**TASK INSTRUCTIONS**
Every line of the material must be given again verbatim. Skip the images.

**COLLECTED MATERIAL**

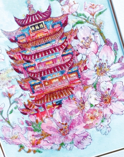 | 樱花和黄鹤楼画面上镶嵌着宝石,宝石和水彩融为一体。 |
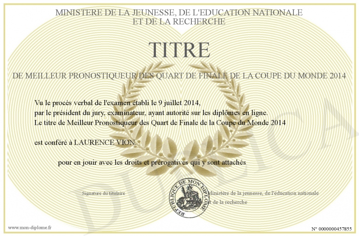 Envoyez par email votre titre de Meilleur Pronostiqueur des Quart de Finale de la Coupe du Monde 2014 personalisé
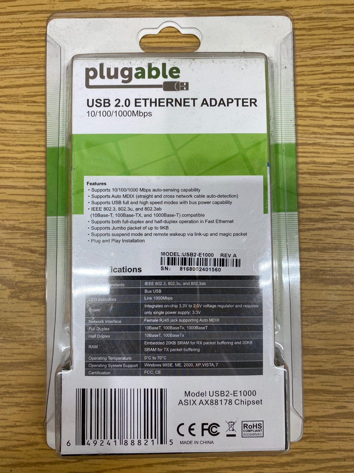 Up for sale is a NEW Plugable USB 2.0 Ethernet Fast 10/100 LAN Wired Network Adapter USB2-E1000 Item is brand new sealed in package

**EXERCISE ANSWER**
 | 樱花和黄鹤楼画面上镶嵌着宝石,宝石和水彩融为一体。 |
 Envoyez par email votre titre de Meilleur Pronostiqueur des Quart de Finale de la Coupe du Monde 2014 personalisé
 Up for sale is a NEW Plugable USB 2.0 Ethernet Fast 10/100 LAN Wired Network Adapter USB2-E1000 Item is brand new sealed in package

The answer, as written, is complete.